When i used built-in Log2 in python library i got WA for second subtask and But when I manually calculated log2 i got correct AC

I think the problem is due to approximation. For small testcases it may seem to work. But for larger values the error may be too high to ignore (ie answer may vary by ± 1 index position) , thereby rendering WA.

i checked for 10^18 from both files i got 7 in both cases

Even tried Both C++ and Python

fails for some inputs between 1 \leq 10^{18} not checking just for 10^{18} gets AC. WA due to precision errors bro

I write it as log2((long double)n) in c++ . It showed AC.
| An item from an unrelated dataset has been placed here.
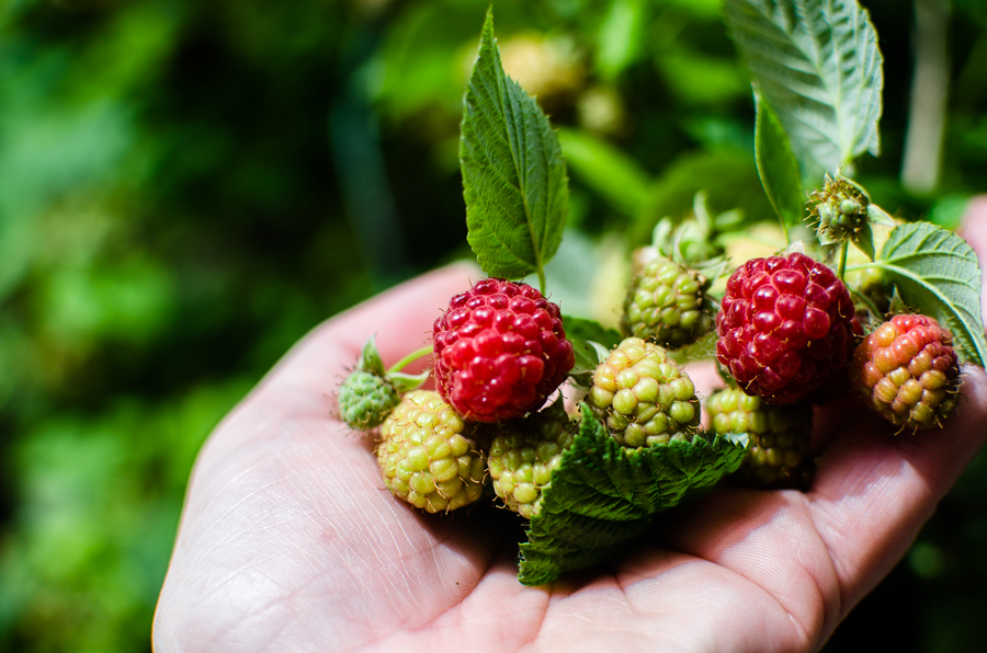 So yesterday I posted a picture of the gorgeous and yummy Salmon Berries that are ripening in the park out back. This morning I decided to check on my raspberry patch – 50 feet of canes that we’ve planted and nurtured of the last few years. It’s been so wet, and not much sun lately so I wasn’t expecting to see anything red. Tons and tons of green berries that are going to provide us with a freezer full of fruit here soon . . . so to my surprise I discovered these two beautiful read delectable’s. They didn’t last long though as my 4yr old Great Nephew happened along and then they were gone! I’m looking forward to the bounty soon enough . . .

I had the same issue in Python while using `math.log2()`

, I then used `bit_length() -1`

can you please elaborate?

Try log2(2**59 - 1) in Python, it yields 59.0

Likewise, in C++ int(log2(2^59 - 1)) yields 59

Log2 isn’t very reliable for ‘exact’ computations. It is better to implement it manually for the specific use cases required in your problem.
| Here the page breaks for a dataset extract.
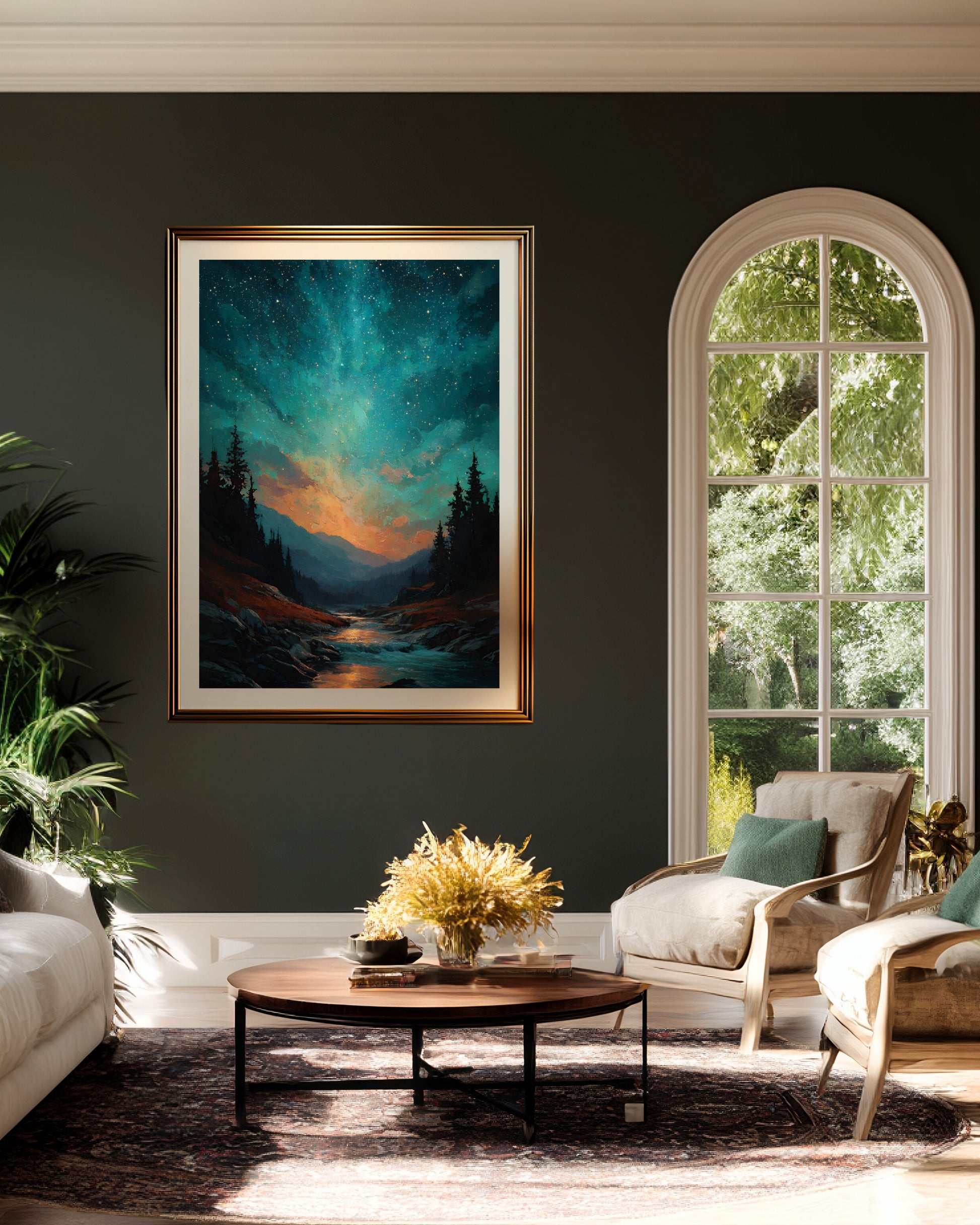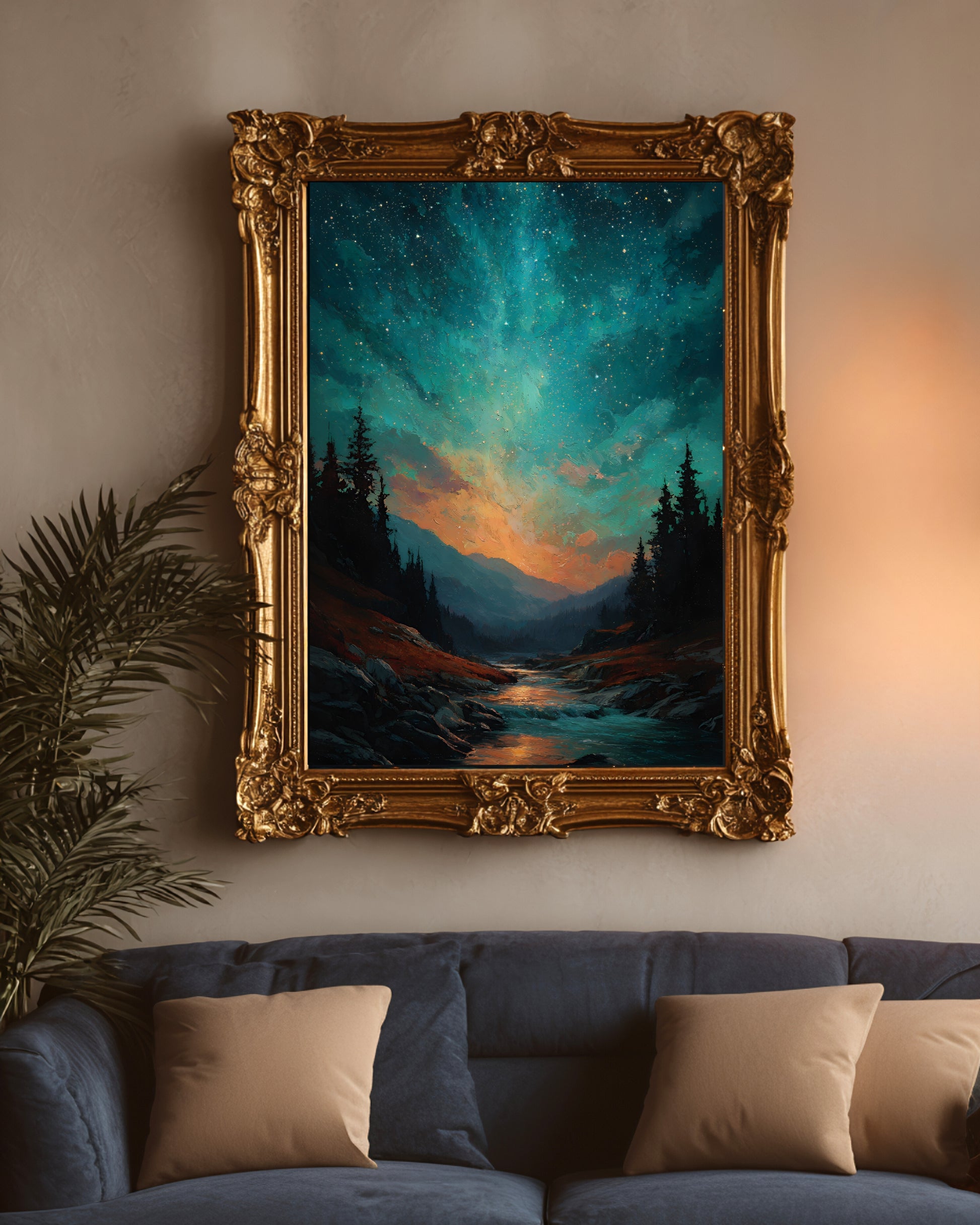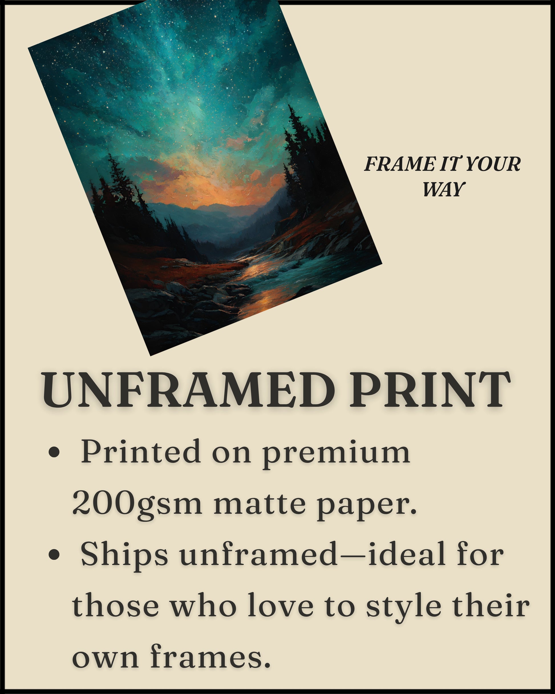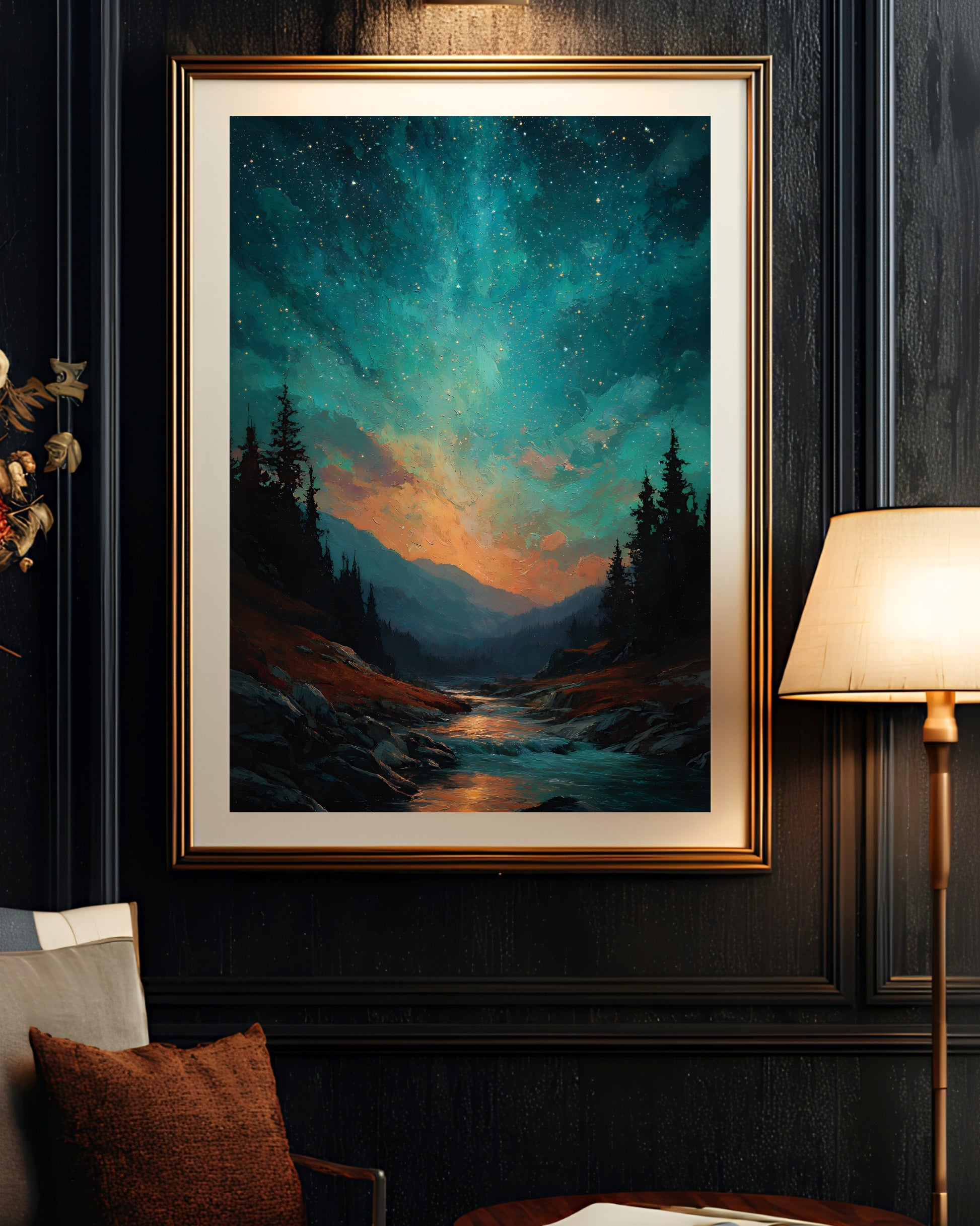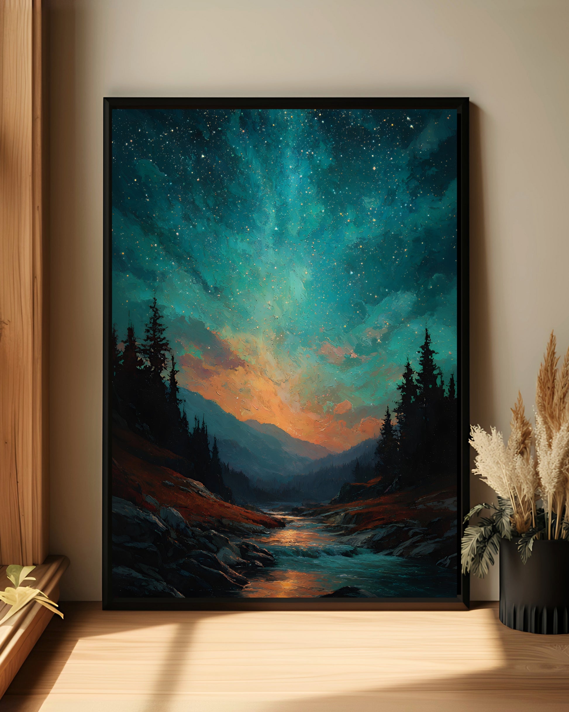 Immerse yourself in a night of wonder with this dreamy landscape print. A luminous cosmic sky bursts with stars above a peaceful forest valley, where glowing water winds through rocky terrain under towering pines. With rich teals, fiery oranges, and deep blacks, this piece blends celestial energy with natural beauty—perfect for moody interiors, nature lovers, and stargazers drawn to bold color and mystical light.

https://codeforces.com/blog/entry/56975 here is the detailed explanation for those who use it in C++

Ohh I got it

**> Be careful for log2**

basically `bit_length()`

returns the position of the highest set bit i.e. the length of the binary representation of the number (i.e. log2)

refer to this link https://stackoverflow.com/questions/3719631/log-to-the-base-2-in-python

Check for this:

**1**

**18014398509481983**

The output should be 9, I think yours should give 2.

Yes Built-in Log Program is giving answer 2

Yes, the log function is losing precision for large numbers. That’s the reason for WA. This link explains the problem for C++, but I think the reason for Python should be the same.

Faced the same problem with log2(n) but log2l(n) will work fine in c++…

Yes, after many WA. I did the same thing and got AC.

that is log2((long double)n).

reason:

both long long int and double are of same size 8 bytes.

but when we pass long long int in log2 function then it will implicitly convert it into double.

and when large long long int converted into double it will lose some data because in double it will also store floating digits after this decimal point.

So, after type casting long long int into long double(12 bytes)…data of large number also not lossed…

This is my first contribution…hope it will be helpful